I've got a bit of an awkward problem with one of our production ESXi 3.5 (build 130755) servers. Basically, the VM's seem to be running fine, but I cannot connect to the host using VI Client (says 'connection problem'). I've re-started the management network from the console, and it tests ok. There are no network problems I can tell, but the host itself won't allow connections. I use Veeam monitor as well, and this also cannot connect. SSH is responding ok, and I can login fine, but the web interface is not responding. There are no rogue processes running, and esxtop shows no abnormalities.
Is there any way I can try and resolve this without rebooting? I did notice that after pressing F2 to logon at the console and entering the credentials, it's very slow to get to the main menu, but once there it seems ok. I've checked what logfiles I can, and they seem clean.
Server is a Dell PowerEdge 2950 III
Are trying to connect from the same subnet? Is there firewall between you and ESXi?
---
VMware vExpert '2009
Yes, everything's on the same subnet and no firewalls or VLAN's. It was all working fine until last weekend. It was unresponsive on Monday morning.
Nothings happens on ESXi reboot?
---
VMware vExpert '2009
Assuming you mean does a reboot fix the problem, then I'd rather not have to try that. As I said, it's a production server running production VM's. If I can try and resolve the problem without rebooting, that would be my primary goal. If I really can't fix it, then I will have to schedule in a reboot, but as the VM's are running ok, it makes it more difficult.
Did you check whether all services are running?
Try $netstat -tulpn and see whether port 902, 443, 8009 & etc are listening for connection..
System Engineer
Zen Systems Sdn Bhd
Malaysia
tman24, if it's free ESXi or you just don't have VMotion license, then I agree, it's a real problem.
Check if web-server still running on ESXi. Depending on your netwrok configuration, you can try to bind management interface to another physical port.
---
VMware vExpert '2009
Test if you can telnet to port 902.
Maybe you have insufficient resources in your COS.
run "top" (not esxtop!) and check on the top of the screen if there are zombie processes running.
Do a "ps -auxww | more" and check if there are processes running that shouldn't be there
Is there any COS partition filling up?
check with "df -h"
-Arnim van Lieshout
-
If you find this information useful, please award points for "correct" or "helpful".

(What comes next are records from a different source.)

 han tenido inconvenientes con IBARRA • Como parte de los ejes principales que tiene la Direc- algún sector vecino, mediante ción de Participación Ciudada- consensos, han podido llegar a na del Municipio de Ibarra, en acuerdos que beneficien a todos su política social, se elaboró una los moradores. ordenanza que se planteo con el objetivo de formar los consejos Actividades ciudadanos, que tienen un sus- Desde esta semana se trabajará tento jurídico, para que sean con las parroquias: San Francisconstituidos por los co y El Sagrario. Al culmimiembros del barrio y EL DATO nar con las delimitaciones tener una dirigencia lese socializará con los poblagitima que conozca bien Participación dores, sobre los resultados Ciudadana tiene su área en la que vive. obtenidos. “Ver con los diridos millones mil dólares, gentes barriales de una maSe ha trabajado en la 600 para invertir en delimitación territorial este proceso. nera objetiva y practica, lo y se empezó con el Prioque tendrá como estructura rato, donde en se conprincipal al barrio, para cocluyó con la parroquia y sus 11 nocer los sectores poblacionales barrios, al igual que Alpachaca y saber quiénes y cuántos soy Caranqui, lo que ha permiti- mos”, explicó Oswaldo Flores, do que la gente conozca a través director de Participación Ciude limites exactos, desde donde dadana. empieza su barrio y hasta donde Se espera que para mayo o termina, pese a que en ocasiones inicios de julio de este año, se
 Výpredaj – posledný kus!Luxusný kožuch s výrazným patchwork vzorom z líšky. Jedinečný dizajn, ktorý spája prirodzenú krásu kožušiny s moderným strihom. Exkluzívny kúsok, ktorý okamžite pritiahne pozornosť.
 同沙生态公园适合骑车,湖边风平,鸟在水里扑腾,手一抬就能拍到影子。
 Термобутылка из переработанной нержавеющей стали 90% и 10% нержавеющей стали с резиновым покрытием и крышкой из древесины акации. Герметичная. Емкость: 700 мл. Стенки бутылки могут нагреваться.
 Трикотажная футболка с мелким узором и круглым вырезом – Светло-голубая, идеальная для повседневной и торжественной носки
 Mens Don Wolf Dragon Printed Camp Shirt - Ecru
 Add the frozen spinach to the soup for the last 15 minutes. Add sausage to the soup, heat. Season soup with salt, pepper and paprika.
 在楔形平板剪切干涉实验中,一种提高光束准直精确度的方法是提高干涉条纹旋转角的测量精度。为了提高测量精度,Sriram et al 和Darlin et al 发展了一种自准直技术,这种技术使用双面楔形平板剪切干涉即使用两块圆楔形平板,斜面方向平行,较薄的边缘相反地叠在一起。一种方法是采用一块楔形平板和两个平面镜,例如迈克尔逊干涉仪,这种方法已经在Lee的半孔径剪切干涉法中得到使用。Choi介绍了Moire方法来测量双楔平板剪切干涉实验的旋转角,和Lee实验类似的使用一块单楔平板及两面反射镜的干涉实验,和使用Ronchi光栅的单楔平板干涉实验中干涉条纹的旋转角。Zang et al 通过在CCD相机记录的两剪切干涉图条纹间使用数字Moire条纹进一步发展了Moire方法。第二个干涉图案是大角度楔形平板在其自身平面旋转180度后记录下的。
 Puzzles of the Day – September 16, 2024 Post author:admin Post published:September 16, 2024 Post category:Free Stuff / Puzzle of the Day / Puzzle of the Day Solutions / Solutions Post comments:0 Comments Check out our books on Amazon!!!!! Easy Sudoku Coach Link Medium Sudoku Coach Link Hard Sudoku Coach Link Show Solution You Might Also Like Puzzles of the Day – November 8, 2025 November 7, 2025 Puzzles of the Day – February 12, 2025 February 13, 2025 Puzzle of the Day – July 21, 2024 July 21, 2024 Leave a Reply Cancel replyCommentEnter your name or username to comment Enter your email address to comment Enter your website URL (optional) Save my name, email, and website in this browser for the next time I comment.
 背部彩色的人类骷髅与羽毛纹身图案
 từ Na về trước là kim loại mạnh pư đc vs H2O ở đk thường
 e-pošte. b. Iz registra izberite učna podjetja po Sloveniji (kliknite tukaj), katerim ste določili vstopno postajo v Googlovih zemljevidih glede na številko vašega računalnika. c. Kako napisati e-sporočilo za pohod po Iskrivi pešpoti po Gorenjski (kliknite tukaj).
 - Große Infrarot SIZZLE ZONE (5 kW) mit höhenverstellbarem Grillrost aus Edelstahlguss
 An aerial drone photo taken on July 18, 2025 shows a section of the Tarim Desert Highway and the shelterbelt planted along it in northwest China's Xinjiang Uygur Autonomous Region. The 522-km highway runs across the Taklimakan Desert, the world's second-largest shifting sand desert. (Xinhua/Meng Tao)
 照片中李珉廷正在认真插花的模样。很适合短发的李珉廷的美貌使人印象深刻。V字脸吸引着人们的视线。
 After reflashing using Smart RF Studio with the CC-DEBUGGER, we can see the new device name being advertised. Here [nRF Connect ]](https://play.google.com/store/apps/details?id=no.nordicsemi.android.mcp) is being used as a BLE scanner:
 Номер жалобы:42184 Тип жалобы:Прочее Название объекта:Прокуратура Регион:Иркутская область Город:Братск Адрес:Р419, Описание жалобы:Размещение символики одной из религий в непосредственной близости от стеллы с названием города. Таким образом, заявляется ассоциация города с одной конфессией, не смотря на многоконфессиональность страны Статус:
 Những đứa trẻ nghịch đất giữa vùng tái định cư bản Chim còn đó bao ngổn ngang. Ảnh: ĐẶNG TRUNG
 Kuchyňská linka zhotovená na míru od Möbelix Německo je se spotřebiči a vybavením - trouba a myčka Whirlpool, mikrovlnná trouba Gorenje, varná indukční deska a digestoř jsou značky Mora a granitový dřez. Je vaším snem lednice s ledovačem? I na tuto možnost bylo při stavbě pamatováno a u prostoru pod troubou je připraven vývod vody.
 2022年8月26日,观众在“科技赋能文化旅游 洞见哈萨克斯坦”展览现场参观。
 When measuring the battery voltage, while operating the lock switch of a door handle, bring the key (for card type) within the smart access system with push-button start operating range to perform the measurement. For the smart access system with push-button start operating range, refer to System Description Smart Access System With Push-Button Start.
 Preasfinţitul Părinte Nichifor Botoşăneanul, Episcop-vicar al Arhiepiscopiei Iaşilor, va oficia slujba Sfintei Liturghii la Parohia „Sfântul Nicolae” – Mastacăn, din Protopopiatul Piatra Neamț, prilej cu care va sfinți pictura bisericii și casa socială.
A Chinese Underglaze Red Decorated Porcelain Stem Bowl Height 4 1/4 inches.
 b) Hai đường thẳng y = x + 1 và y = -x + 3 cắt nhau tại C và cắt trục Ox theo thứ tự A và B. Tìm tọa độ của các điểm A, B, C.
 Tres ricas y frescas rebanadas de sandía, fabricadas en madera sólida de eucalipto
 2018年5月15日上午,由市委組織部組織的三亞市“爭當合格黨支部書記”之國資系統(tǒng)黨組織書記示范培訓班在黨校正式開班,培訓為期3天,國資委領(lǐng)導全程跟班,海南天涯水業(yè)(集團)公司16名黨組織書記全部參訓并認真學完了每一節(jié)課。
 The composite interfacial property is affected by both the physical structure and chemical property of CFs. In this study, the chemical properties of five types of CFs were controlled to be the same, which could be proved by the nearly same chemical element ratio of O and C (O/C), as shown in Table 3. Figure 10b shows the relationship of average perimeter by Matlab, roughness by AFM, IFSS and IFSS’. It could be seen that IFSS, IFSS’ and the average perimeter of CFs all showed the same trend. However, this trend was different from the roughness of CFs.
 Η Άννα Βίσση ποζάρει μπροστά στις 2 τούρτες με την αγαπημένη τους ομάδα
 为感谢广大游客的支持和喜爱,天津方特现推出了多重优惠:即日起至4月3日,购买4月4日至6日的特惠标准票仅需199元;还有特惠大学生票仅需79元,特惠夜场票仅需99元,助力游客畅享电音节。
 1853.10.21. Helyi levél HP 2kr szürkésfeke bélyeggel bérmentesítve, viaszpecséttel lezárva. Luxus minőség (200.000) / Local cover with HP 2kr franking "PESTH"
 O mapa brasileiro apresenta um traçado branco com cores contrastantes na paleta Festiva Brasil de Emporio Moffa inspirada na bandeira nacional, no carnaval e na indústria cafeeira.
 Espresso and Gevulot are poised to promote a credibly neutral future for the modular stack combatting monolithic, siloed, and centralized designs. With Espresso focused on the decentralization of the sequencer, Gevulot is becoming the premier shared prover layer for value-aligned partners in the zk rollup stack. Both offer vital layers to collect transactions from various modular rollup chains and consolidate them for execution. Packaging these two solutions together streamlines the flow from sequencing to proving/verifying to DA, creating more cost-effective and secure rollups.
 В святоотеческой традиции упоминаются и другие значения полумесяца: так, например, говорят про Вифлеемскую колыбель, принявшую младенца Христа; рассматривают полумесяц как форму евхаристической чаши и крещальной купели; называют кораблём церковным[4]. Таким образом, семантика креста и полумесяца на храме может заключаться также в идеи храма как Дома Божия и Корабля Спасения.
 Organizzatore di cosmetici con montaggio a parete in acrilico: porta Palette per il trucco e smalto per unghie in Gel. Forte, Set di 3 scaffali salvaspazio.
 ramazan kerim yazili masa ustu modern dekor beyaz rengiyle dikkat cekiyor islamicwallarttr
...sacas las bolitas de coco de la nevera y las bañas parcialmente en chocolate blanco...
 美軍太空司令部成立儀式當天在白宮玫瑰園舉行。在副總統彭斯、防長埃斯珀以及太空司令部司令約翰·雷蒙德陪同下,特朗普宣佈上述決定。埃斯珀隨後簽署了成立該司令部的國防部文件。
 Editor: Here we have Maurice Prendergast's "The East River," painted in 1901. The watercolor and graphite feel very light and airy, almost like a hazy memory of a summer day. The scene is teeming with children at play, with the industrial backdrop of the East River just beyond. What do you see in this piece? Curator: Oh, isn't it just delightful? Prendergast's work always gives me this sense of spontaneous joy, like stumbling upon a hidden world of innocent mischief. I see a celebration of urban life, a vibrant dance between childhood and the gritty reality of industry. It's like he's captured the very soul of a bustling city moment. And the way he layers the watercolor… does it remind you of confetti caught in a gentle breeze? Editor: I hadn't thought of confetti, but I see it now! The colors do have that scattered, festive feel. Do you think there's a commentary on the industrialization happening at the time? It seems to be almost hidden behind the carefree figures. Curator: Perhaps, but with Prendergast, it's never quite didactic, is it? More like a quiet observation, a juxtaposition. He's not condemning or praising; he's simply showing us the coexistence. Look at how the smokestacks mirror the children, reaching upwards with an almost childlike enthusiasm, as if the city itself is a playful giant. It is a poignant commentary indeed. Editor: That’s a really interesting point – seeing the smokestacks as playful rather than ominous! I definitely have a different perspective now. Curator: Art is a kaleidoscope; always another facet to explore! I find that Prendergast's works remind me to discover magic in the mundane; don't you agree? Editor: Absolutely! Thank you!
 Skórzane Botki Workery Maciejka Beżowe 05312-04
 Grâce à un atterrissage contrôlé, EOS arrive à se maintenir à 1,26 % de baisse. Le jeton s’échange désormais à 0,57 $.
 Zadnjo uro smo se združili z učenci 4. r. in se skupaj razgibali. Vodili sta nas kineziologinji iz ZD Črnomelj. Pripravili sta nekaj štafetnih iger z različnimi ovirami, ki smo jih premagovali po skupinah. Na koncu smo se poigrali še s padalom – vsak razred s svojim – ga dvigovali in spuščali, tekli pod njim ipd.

Thanks. It is ESXi, so I have limited console support. The web interface is also not responding on the host, so looks like 443 at least is down (or locked out). Re-binding the management network to another NIC would normally be done through the VI Client, which I can't access on this host, so catch 22! Looks like I'm outa-luck.
I'll have a quick check in VIMA to see if this remote console has any joy.
tman24, you can reconfigure what interface is used for management via server local console, iLO in case of HP server.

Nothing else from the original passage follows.